Sorry, wusste nicht, dass es schon eine neue Version gibt. Hatte die aktuell installierte erst vor 2 oder 3 Wochen runtergeladen, allerdings über den Steuerungshersteller ifm. Danke!


----------



## krxpfgqil (14 Juni 2018)

Hallo nochmal,

ich wollte die neue CoDeSys-Version nun installieren, das hat aber nicht geklappt. Die Installer-Anwendung startet zwar, aber ich bekomme relativ früh die Fehlermeldung "Die Support-Datei für die Installation konnte nicht installiert werden. Schwerwiegender Fehler". Habe dann versucht das alte CoDeSys erstmal zu deinstallieren, da bekomme ich aber den selben Fehler. Das Problem existiert scheinbar nur mit CoDeSys 2.3 bei mir. Alles andere lässt sich weiterhin problemlos installieren bzw. deinstallieren.

Hat jemand einen Tip?


----------



## HausSPSler (15 Juni 2018)

Probier mal das:
https://flexeracommunity.force.com/...RRDOC/iKernel-exe-Could-Not-Be-Installed-0x20


----------



## krxpfgqil (15 Juni 2018)

Hallo,

danke für den Tip, aber das habe ich schon mehrfach probiert - leider erfolglos.
Habe zudem schon nen Registry-Cleaner laufen lassen und Windows per vfc /scannow auf Fehler prüfen und reparieren lassen.
Hatte noch gelesen, dass eventuell das neue registrieren der ctor.dll im InstallShield/Engine/6/Intel 32-Ordner was bringen soll. Das funktioniert bei mir aber irgendwie nicht, da schmeißt er immer einen Fehler raus.


----------



## Jproject (9 August 2018)

Hallo zusammen,

konntet ihr schon eine Lösung für das Problem finden?
Ich kann mein CodeSys auch nicht mehr installieren!


----------



## krxpfgqil (9 August 2018)

Hallo,

ich habe leider immer noch keine Lösung gefunden. Habe wie oben beschrieben schon einiges ausprobiert, aber es hat leider bislang nichts geholfen.
Momentan habe ich mich erstmal damit abgefunden, bin aber weiterhin sehr offen für neue Ideen bzw. Lösungsvorschläge!

Viele Grüße


----------



## Jproject (9 August 2018)

Hast du es mal mit einer Neuinstallation von Windows probiert?


----------



## krxpfgqil (10 August 2018)

Leider nein... hatte ich schon vor, gestaltet sich aber schwierig, da es sich hierbei um einen Firmenrechner handelt.


----------



## Jproject (10 August 2018)

Mit Hilfe des CC Cleaner hat es bei mir geklappt. Nach dem ich die Registrierung auf geräumt habe, läuft die Installation wieder.


----------



## krxpfgqil (10 August 2018)

Hatte ich auch versucht, allerdings erfolglos. Habe allerdings jetzt auch endlich eine Möglichkeit gefunden!
Habe mit dem "Wise Program Uninstaller" die Deinstallation erzwungen - also das Tool hat alle Dateien die in irgend einer Art und Weise was mit CoDeSys zu tun haben quasi "händisch" gelöscht. Jetzt konnte ich direkt die neue Version installieren.


----------



## Jproject (10 August 2018)

Hier eine Hilfestellung von 3S-Smart-Software:
Aus irgendeinem Grund war die Installationsinformation unter C:\Program Files (x86)\InstallShield Installation Information\{07976ABB-1EBD-4A65-A7C7-155A0DC17173} kaputt.

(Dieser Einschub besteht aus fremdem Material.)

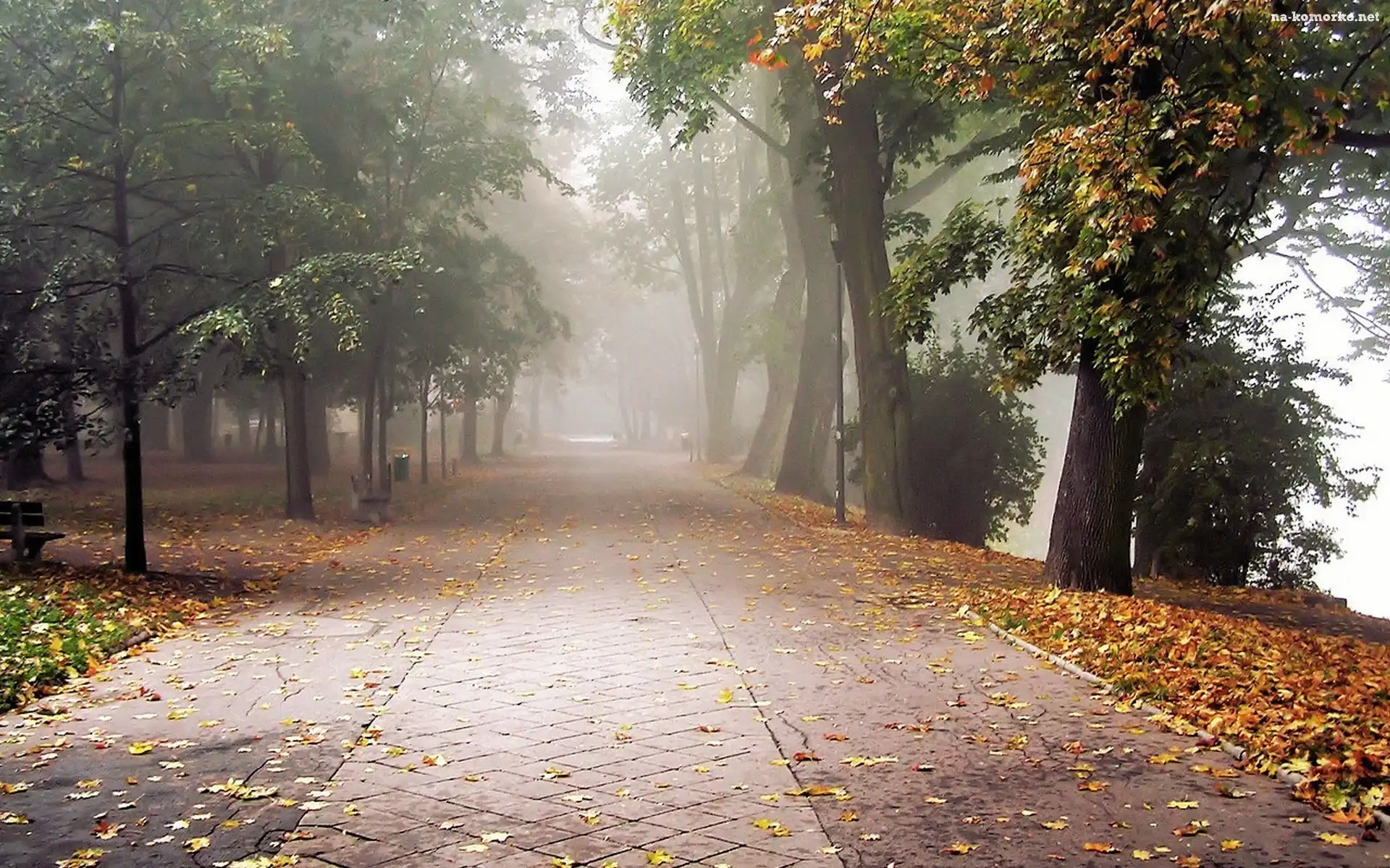 Ławki, Chodnik, Park, Mgła, Drzewa, Liście na Komórkę

Wir haben diese dann gelöscht (bzw. das Verzeichnis umbenannt). Dadurch konnte CODESYS zwar nicht mehr deinstalliert werden, aber ein erneutes Ausführen eines Setups war dann erfolgreich. Das Installationsverzeichnis der alten Version muss dann entweder gelöscht oder umbenannt werden oder für die neue Installation ein anderes Verzeichnis gewählt werden.

Bei einem Kunden hat auch das ausführen von CCleaner das Problem gelöst.


----------



## Manuel1995 (29 Juli 2020)

krxpfgqil schrieb:


> Hatte ich auch versucht, allerdings erfolglos. Habe allerdings jetzt auch endlich eine Möglichkeit gefunden!
> Habe mit dem "Wise Program Uninstaller" die Deinstallation erzwungen - also das Tool hat alle Dateien die in irgend einer Art und Weise was mit CoDeSys zu tun haben quasi "händisch" gelöscht. Jetzt konnte ich direkt die neue Version installieren.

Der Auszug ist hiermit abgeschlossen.